Buzz Feed actually details documents on the Trump Tower project in Moscow

(courtesy zerohedge)

BuzzFeed Throws Hail Mary: Publishes New Trump Tower Moscow Docs

After last week’s embarrassing debacle in which special counsel Robert Mueller issued a rare statement calling bullshit on BuzzFeed over their Trump Tower Moscow report that Trump ordered his attorney Michael Cohen to lie about the timeline, the beleaguered news outlet has taken a second bite at the apple with a new report (oddly written by a completely different journalist) refuting comments by Trump lawyer Rudy Giuliani that “no plans were ever made” for the project.

Not so fast Rudy

In their new report, BuzzFeed claims that the Trump Tower Moscow idea was “led by Trump’s then-lawyer, Michael Cohen, and his associate Felix Sater” despite writing in November that Sater both thought of and spearheaded the idea, turning to Cohen to “get it off the ground” while overpromising that he could seal the deal through his Russian connections that never panned out.

Sater, a brash real estate promoter who pleaded guilty to racketeering in 1998 and became a longtime asset to US law enforcement and intelligence agencies, had worked with the Trump Organization on deals in the past and said he came up with the idea. Cohen, Sater recalled, said, “Great idea.” –BuzzFeed

Today’s “gotcha,” however is that the project had progressed much further than Giuliani claimed on Monday when he told the New Yorker “no plans were ever made. There were no drafts. Nothing in the file.”Not true, writes BuzzFeed’s Azeen Ghorayshi.

The president and his representatives have dismissed the project as little more than a notion — a rough plan led by Trump’s then-lawyer, Michael Cohen, and his associate Felix Sater, of which Trump and his family said they were only loosely aware as the election campaign gathered pace.

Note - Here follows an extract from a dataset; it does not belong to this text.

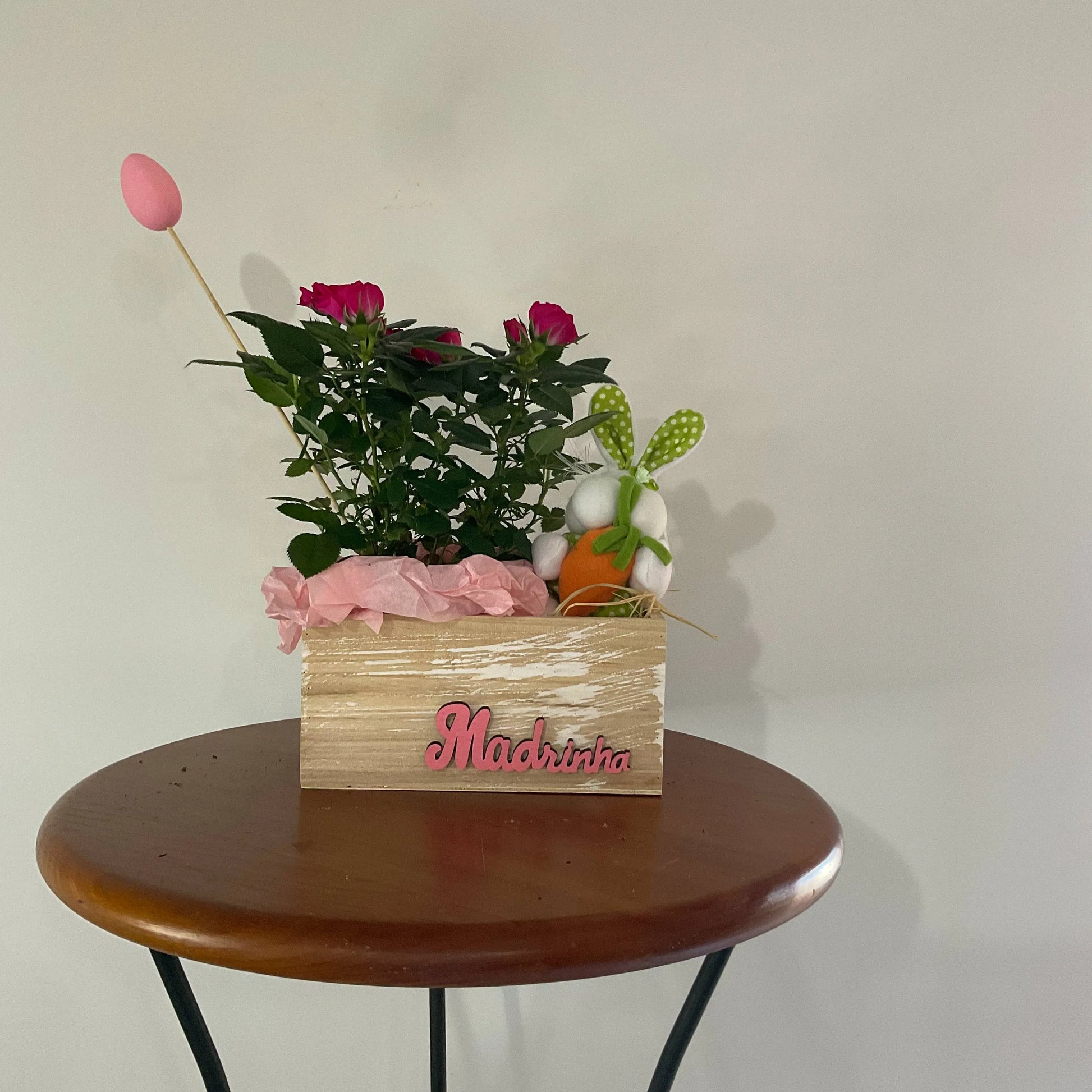 Um mimo cheio de carinho, pensado especialmente para a madrinha que merece tudo. Esta caixinha em madeira com acabamento rústico inclui um vaso de mini rosas cor-de-rosa vibrantes, símbolo de amor, ternura e gratidão.

On Monday, his lawyer, Rudy Giuliani, said “the proposal was in the earliest stage,” and he went on to tell the New Yorker that “no plans were ever made. There were no drafts. Nothing in the file.”

However, hundreds of pages of business documents, emails, text messages, and architectural plans, obtained by BuzzFeed News over a year of reporting, tell a very different story. Trump Tower Moscow was a richly imagined vision of upscale splendor on the banks of the Moscow River. –BuzzFeed

Trump Tower Moscow hasn’t exactly been a secret, admits BuzzFeed, noting that Donald Trump tweeted about it following the 2013 Miss Universe pageant, and writing in his book The Art of the Deal that he had been trying to expand his business empire into Russia for over 30 years.

Donald J. Trump

@realDonaldTrump

@AgalarovAras I had a great weekend with you and your family. You have done a FANTASTIC job. TRUMP TOWER-MOSCOW is next. EMIN was WOW!

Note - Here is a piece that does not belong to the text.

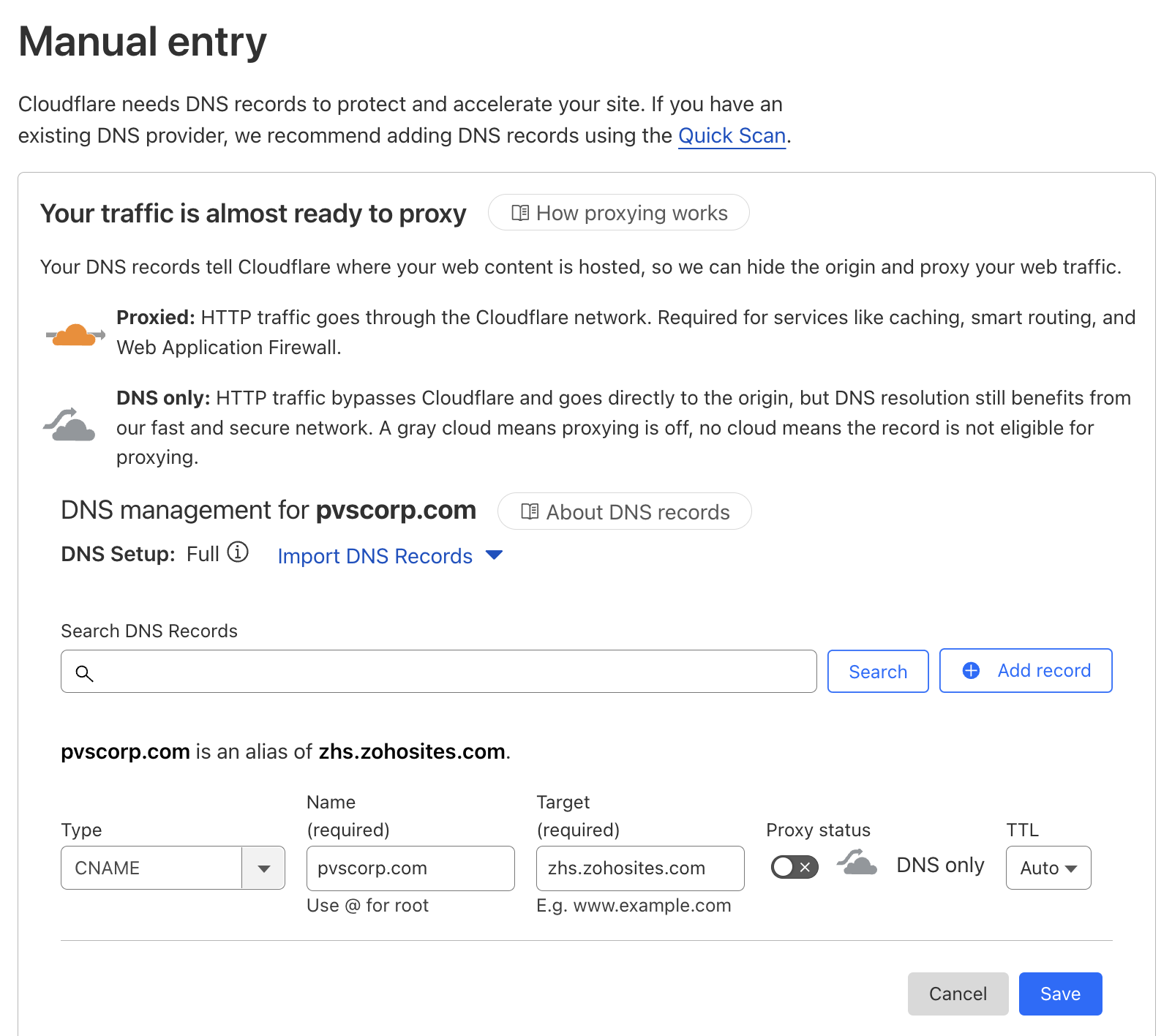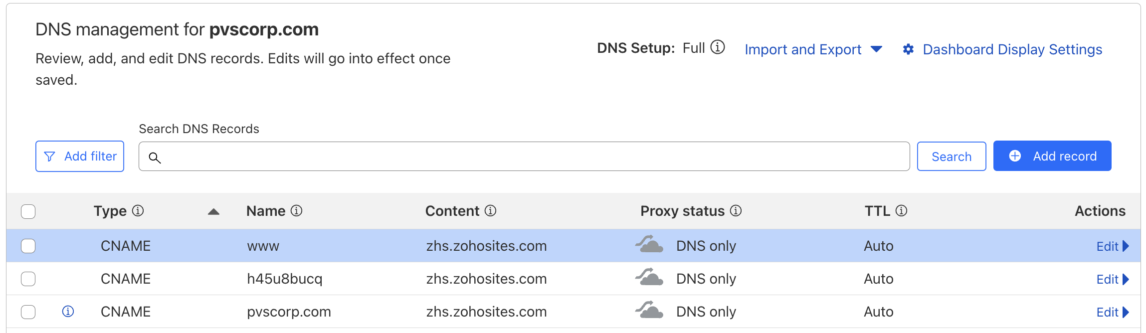 13. Similarly add CNAME entry for token displayed in Zoho Sites domain verification dialog.

Over the last week, Giuliani admitted to the New York Times that the Trump Tower Moscow discussions were “going on from the day I announced to the day I won,” Giuliani quoted Trump as saying. He then walked back those comments, claiming in a statement: “My recent statements about discussions during the 2016 campaign between Michael Cohen and then-candidate Donald Trump about a potential Trump Moscow ‘project’ were hypothetical and not based on conversations I had with the President.”

In other words, Giuliani is a walking gaffe machine – which we already knew.

That said, the Trump Tower moscow project appears to have been much more developed than anyone in the Trump camp has acknowledged.

According to a finalized letter of intent signed by Donald Trump on Oct. 28, 2015, the tower would have “approximately 250 first class, luxury residential condominiums.”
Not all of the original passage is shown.